Right now the votes are being counted for the Manchester congestion charge. The charge is hefty and radical. Drivers who travel at all the wrong times will pay up to £1200 a year extra if it is voted in. £3 Billion will be spent on public transport if it is voted in.

I cycle into Manchester and so will get all the benefits (quieter, safer, cleaner roads) at very little extra cost. At the most I will have to  re-think those few peak time trips that I do make.  I guess that means I’m bound to vote yes.  But it would be nice if I had some less selfish reasons for my decision.

A friend of mine,Matt Wilson,  recently blogged a dilemma he was in: on the one hand he dislikes traffic jams, on the other he think the congestion charge is unjust:

I consider the T.I.F. proposals to be fundamentally unjust at the core. No investment in roads, but all the cash drivers pay goes to subsidise other people’s travel (I generalise), that’s just wrong.

That’s a strong charge, and should make anyone looking for ‘objective’ reasons to vote sit up and take notice. (By objective reasons, I just mean reasons that aren’t based on purely personal impact.) I wouldn’t want to have voted for an unjust act just because it benefits me.

Is it a fair charge against the charge? On the face of it it seems persuasive (especially if you are a driver, I guess). But we might notice that taxing one group of people for the benefit of another group is common practice in a society like ours. Redistributive tax (income/ inheritance etc) does just that. We take money from those who have a lot to support those who have very little.
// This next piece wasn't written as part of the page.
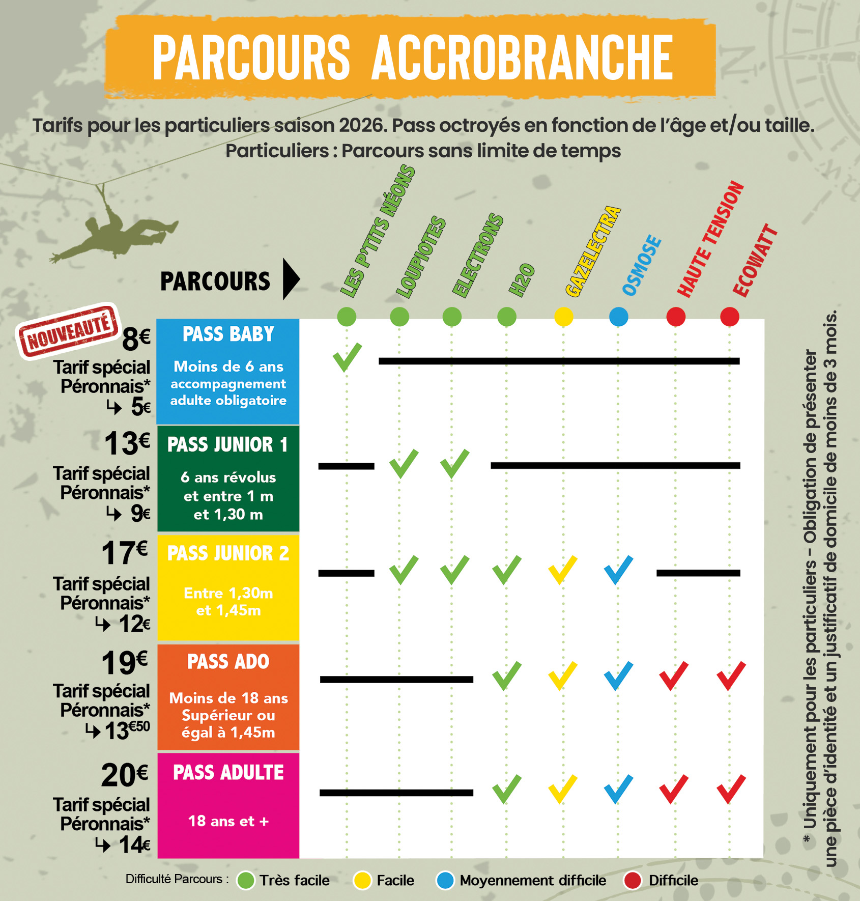 - Conditions d’accès aux parcours : voir page tarifs
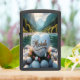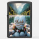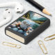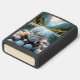 Een wit hart met de naam Michelle rust tussen gladde rivierstenen, omgeven door bloeiende tulpen, in een schilderachtig vallei.

Now there are clear differences,  I’m not suggesting it is like for like, but it is sometimes claimed that in cases of redistributive tax, those charged a lot do benefit by being part of a more stable and equal society etc. Here there is a parallel: it is reasonable to think that everyone will benefit from having better public transport and quieter roads.

Still, I don’t think that is enough to mitigate Matt’s charge of injustice. If we all benefit, why don’t we all pay?

Here is a better response: justice takes a wider scope than any one transaction. Justice must be more than about who pays for what and who gets what. Charging drivers isn’t just about paying for better transport for other people, it is about changing the status quo. It is about looking at Manchester and the world and thinking that something has to change.

We put in place clean air acts and carbon charges because we think it is no longer ok for things to carry on as they are. So if we think it is no longer OK to carry on with such a high dependence on petrol and personalised motorised transport, perhaps we should be willing to put some serious measures in place to try and achieve change.

This is still a long way short of conclusive, but it perhaps takes some of the punch of Matt’s argument from injustice.